– Знаете, если немного обождать, все это само собой взлетит на воздух.
– Именно так говорили и про ураган Зельда, – мрачно промолвил Мак-Фили.
– Мак-Фили прав, – согласился я. – Надо вести себя так, будто мы проводим кампанию для какого-то товара, которому крупно не везет.
– Головидения, – проронил Абернати, не отводя взгляда от окна.
– Хуже, – покачал головой я. – Так что нам делать? Хотчкисс?
– Ну ладно, – он остановился. – Я знаю что делать! Я справлюсь!
Тогда заткнись и делай, – отрезал Мак-Фили.
– Ха! – вскричал Хотчкисс, обличающе показывая на Мак-Фили. – Я кое-что придумал! Такое что никому другому и в голову не пришло! – Он развернулся ко мне. – Даже нашему местному гению! Почему бы не спросить Дьяволов, что они собираются сделать во искупление этого отвратительного злодеяния?
Отражаясь от стекла, голос Абернати звучал как-то металлически.
– А что, если они захотят содрать с Боддеккера шкуру живьем за такой сценарий?

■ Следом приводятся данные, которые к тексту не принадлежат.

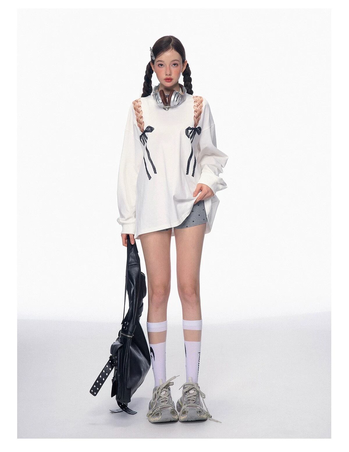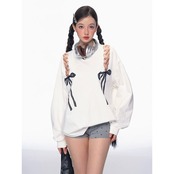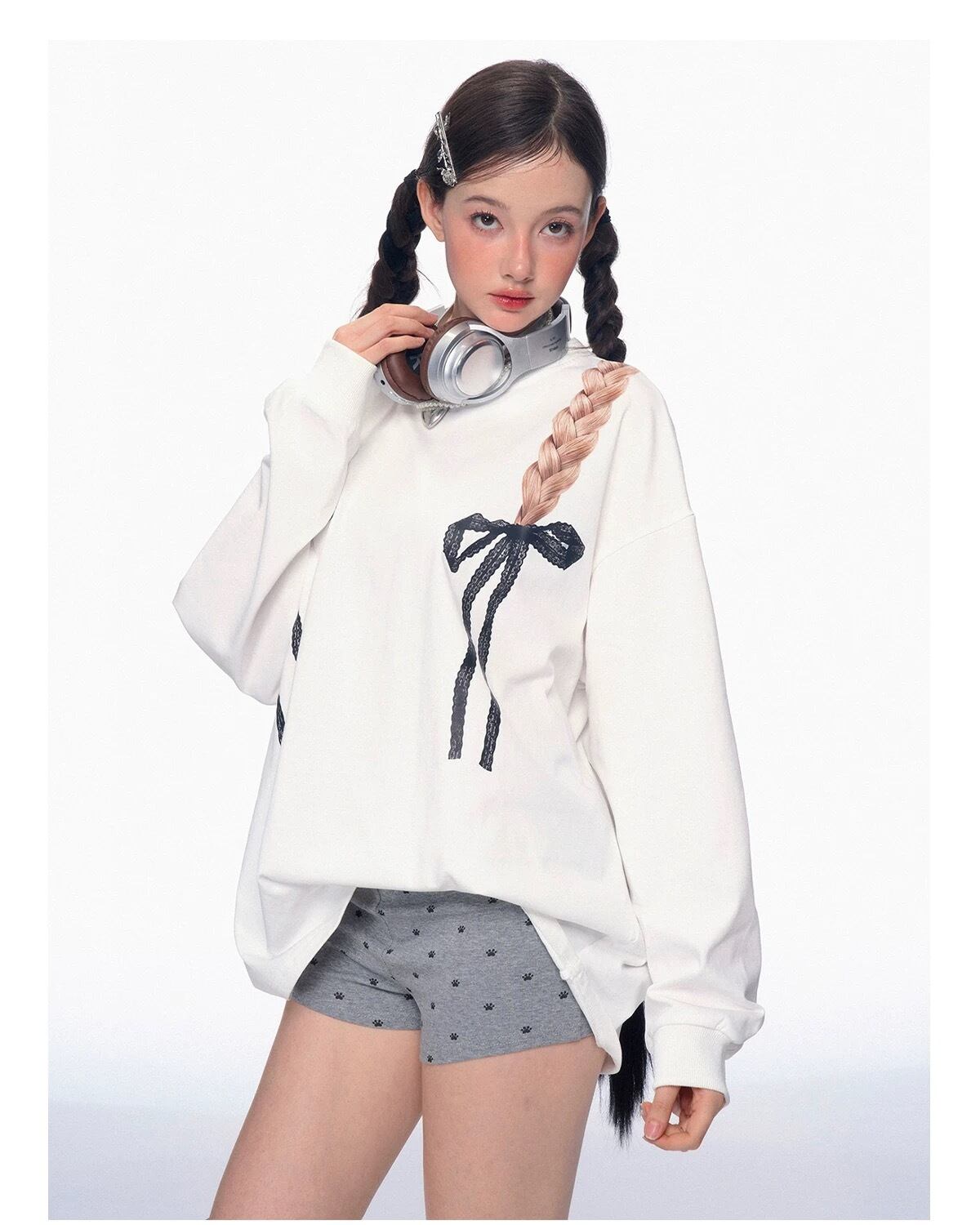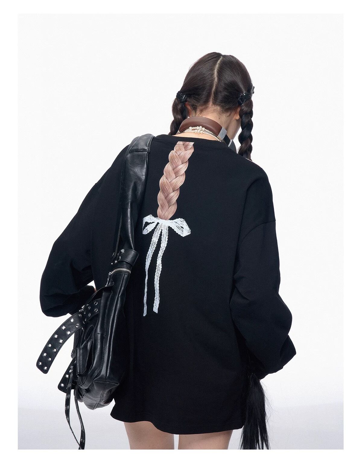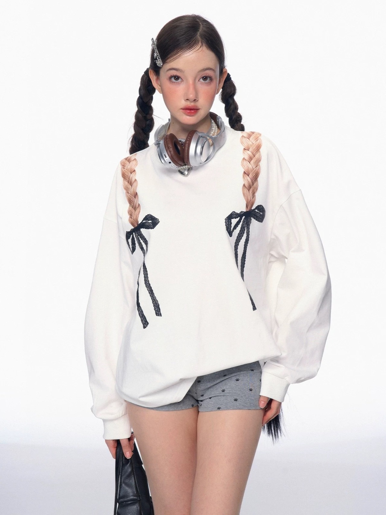 【2XLまで】トレーナー 三つ編み スウェット カジュアル 白 黒 原宿 ガーリー リボン XL

– Не, это мы законным протестом не сочтем, – возразил Хотчкисс. – Они были в восторге от сценария. Даже Грегу Замзе понравилось. Они так и жаждали его еще приукрасить. Слава небу, шавка попала им в руки уже мертвой.
– А с чего ты вообще решил, будто Дьяволы собираются выступить с какой-нибудь соответствующей демонстрацией покаяния? – поинтересовался Мак-Фили.
– Они и не собираются, – заверил я. – По крайней мере не как группа. Может быть, сам по себе Тapaканчик еще и сподобился бы, если в нем осталось что-то человеческое. Но как группа – никогда.
– Хорошая была идея, – вздохнул Мак-Фили.
– Но Хотчкисс прав, – продолжил а.
– Я прав?
– На все сто. Должно хотя бы казаться, что Дьяволы добровольно выступили с извинениями – над этим и надо работать. Нужен сценарий.
– Они ни за что не согласятся, – предрек Мак-Фили.
– Как миленькие сделают все, что мы велим, – возразил я, – потому что мы – Пембрук-Холл.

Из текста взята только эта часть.